A while back I talked
about hoarding and my denial of any such behavior in “I Am Not A Hoarder, I Just Like to Collect Things”. Instead, I referred to myself as a collector. At the time it made sense. Collectors
collect things so they can put them on display for people to see. And I
certainly have my share of tchotchkes adorning my shelves. Remember my
collection of shot glasses filled with sand from beaches all over the world? If
not, here’s a reminder:
Clutterbugs
differ from hoarders in that they can rationally look at the objects in their
life and assess their usefulness. Hoarders obsess about their possessions and
can’t decide what is and isn’t valuable, and thus often retain garbage or
damaged items. Hoarders seem to be completely unaware of the dangers of their
hoarding tendencies, while clutterers are often bothered by their random piles
of “stuff”. Yay! I’m bothered! There’s hope for me!
I
recently confessed to my friend that I wanted to start eliminating the clutter
from my life. (It should be noted that this is the same friend who originally
accused me of being a hoarder). Well my confession was music to his ears. I
came home one night to discover ALL of my books ALL over my living room floor. He
had also disassembled one of my bookcases, which was on the verge of collapsing
from the sheer weight of its contents. Upon seeing my books laid out in various
stacks, I almost started crying. How could he DO this to me? I wanted to take
baby steps, not tackle everything all at once! I felt so overwhelmed. But then I
realized that sometimes you have to pull the bandaid off forcefully and feel
the sting. And it stung! It was very emotional going through books that I had
on my shelves for literally years. And many were books that I still loved. But
did I really NEED them? Am I really ever going to read the Twilight series
again? Or the Hunger Games? And what the hell was “Eat, Pray, Love” still doing
on my shelf anyway? I never could manage to make it past India. (Spirituality
motivated by a healthy book advance is definitely not what I consider inspiring.)
Time to purge! I felt proud to put so many books into a donation box and
condense my books into one less bookcase.
But
that’s only the beginning. What about those two file cabinets? What the heck is
in there? (Cover letters for submissions dating back to before the millennium
apparently). And what about those shot glasses filled with sand? It seemed cute
and kitschy at the time, but why was I doing it in the first place and is it
something I want to continue? Do I even like that miniature ceramic teapot sitting
on my shelf that my mom got at someone’s Bar Mitzvah? Why do I still have that
magazine with the cast of the “Big Bang Theory” on the cover??? I don’t think
there’s necessarily a right or wrong answer to any of these questions, but you
at least have to ASK yourself and see what answers come. When you’re a
clutterbug, piles just seem to mysteriously show up without you even noticing
it. It’s critical to determine which piles are the ones to keep and then find a
freaking place to put everything so it’s no longer in a pile!
It’s
been said if you clutter your physical life with unnecessary items, your emotional
life is bound to feel cluttered too. And now that I am making my way through my
own clutter, I tend to agree. Letting go of things is hard, but at the end of the
day they are just THINGS—physical manifestations of my memories and feelings.

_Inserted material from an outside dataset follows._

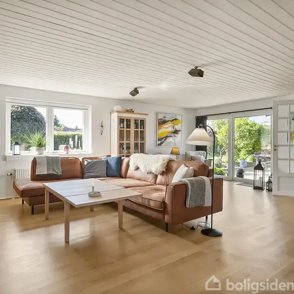 Tranevej 54 i Ikast byder velkommen til en skøn og velindrettet etplansvilla, som kombinerer moderne komfort med en rolig og attraktiv beliggenhed. Boligen ligger på en stille villavej i et trygt kvarter, hvor børnene kan færdes sikkert, og hvor der er kort afstand til skole, daginstitutioner, indkøb og grønne områder. Her får du en bolig, der er både funktionel, velholdt og fuld af naturligt lys.Villaen er opført i klassisk rødt murværk med et nyere tag i betontagsten, som giver et solidt og ve

Throwing something out does not take away what I feel inside. Maybe it even
makes my feelings more special because they’re not attached to some random
object sitting in my apartment for no good reason.
I’m
not planning on rolling a dumpster into my apartment and depositing everything
into it, if that’s what anyone is thinking. But I DO believe I can take stock of
exactly WHAT I have and then determine what I truly need AND want. It’s not always easy
to figure that out. But that doesn’t mean I shouldn’t try. I’m just in the
beginning phases now, but I will keep you posted on my progress. Here’s the end
result of my bookcase reorganization:
Not bad, right? Now I have to tackle my desk… my sanctuary
for everything creative. Somehow I have a feeling that will be harder than my
books but I think I’m ready to take the plunge! Geronimo!!!